● **Material provided**:

+ + + + + + +

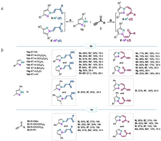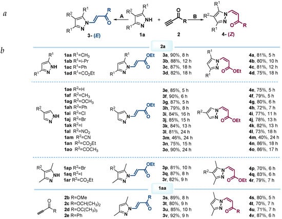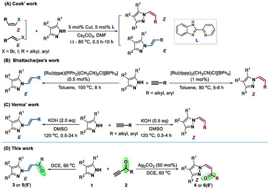 - Garg, V.; Kumar, P.; Verma, A.K. Chemo-, Regio-, and Stereoselective N-Alkenylation of Pyrazoles/Benzpyrazoles Using Activated and Unactivated Alkynes. J. Org. Chem. 2017, 82, 10247–10262. [Google Scholar] [CrossRef]
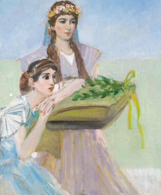 是女儿,从遥远的巴黎向我发问。短暂逼仄的求学时空里,她曾多少次见缝插针,跑遍卢浮宫、蓬皮杜与奥赛等大大小小的博物馆或美术馆,还漂洋过海,给我寄来比水果要贵得多的法文版画册。犹记出门远行前,我们一起画下了双人肖像《去希腊》。分离的两年,我写了两本书,她为我写了两个后记,还做了必要的国际通用语言审校。而那件作品,也经由两位青年才俊之手的润色,永久定格于我们的书页。作为感谢,女儿把对人类艺术源头的回溯与艺术发展脉络的永久追寻,渐次展开成成长路上的行为艺术。
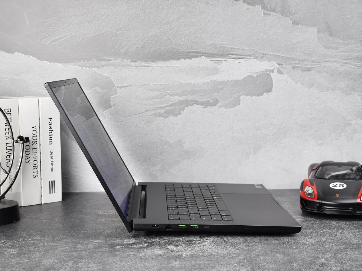 从机身侧面看过去,雷蛇灵刃18 2025无论是屏幕还是机身,都显得非常纤薄。此外,这款产品采用了通体采用了CNC铝合金一体化机身,纯黑配色加上雷蛇标志性的绿色做点缀,以及A面正中能够发出绿色光芒的雷蛇LOGO,无处不在传承着雷蛇品牌的家族式设计语言。
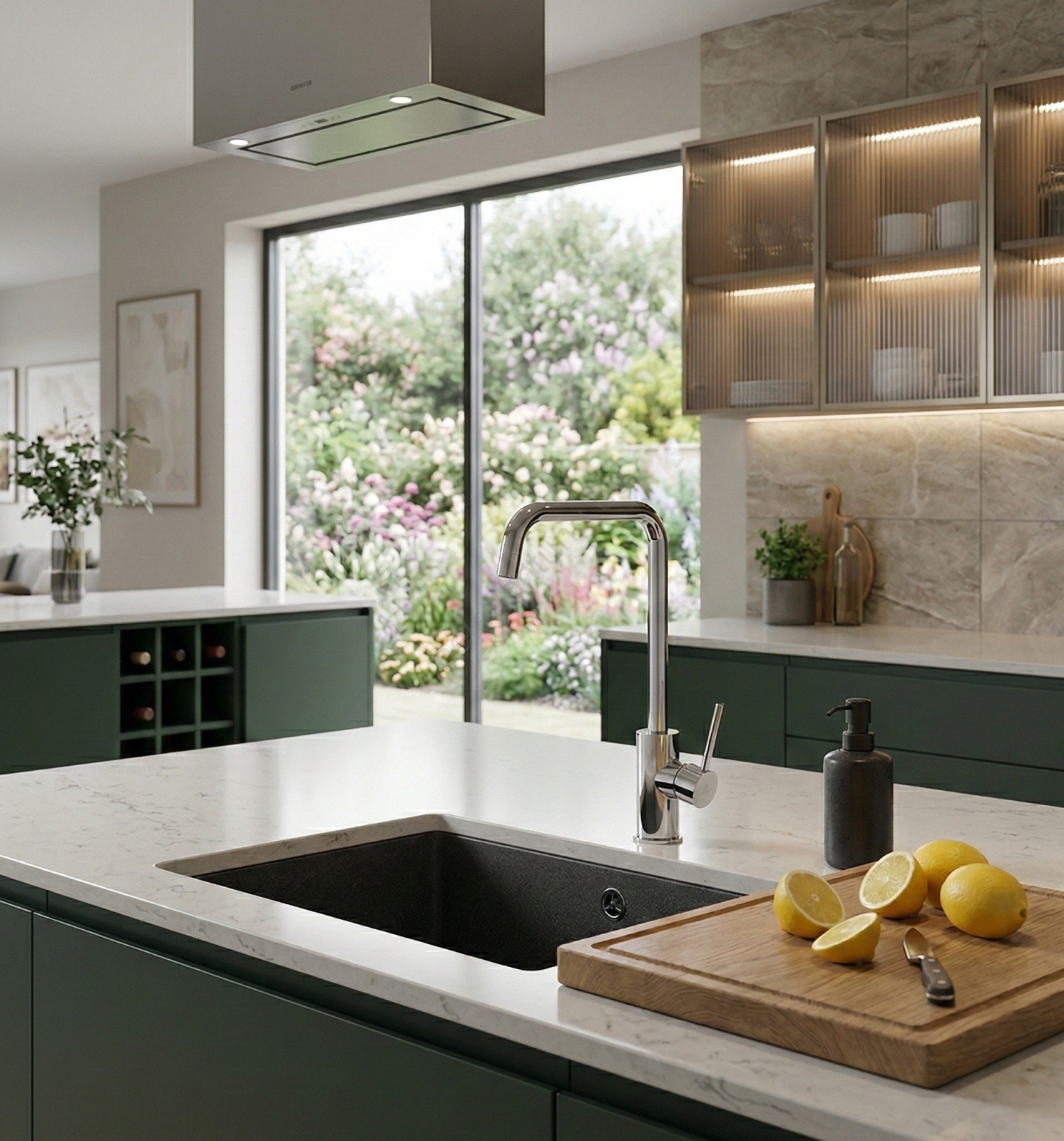 • Einhebel-Küchenarmatur zur Deckmontage am Spülbecken.

+ + + + + + +

From the line containing "从机身侧面看过去,雷蛇灵刃1" down to the end of the listing above, every line is to be returned exactly, though the pictures are not.

● **Answer box**:
 从机身侧面看过去,雷蛇灵刃18 2025无论是屏幕还是机身,都显得非常纤薄。此外,这款产品采用了通体采用了CNC铝合金一体化机身,纯黑配色加上雷蛇标志性的绿色做点缀,以及A面正中能够发出绿色光芒的雷蛇LOGO,无处不在传承着雷蛇品牌的家族式设计语言。
 • Einhebel-Küchenarmatur zur Deckmontage am Spülbecken.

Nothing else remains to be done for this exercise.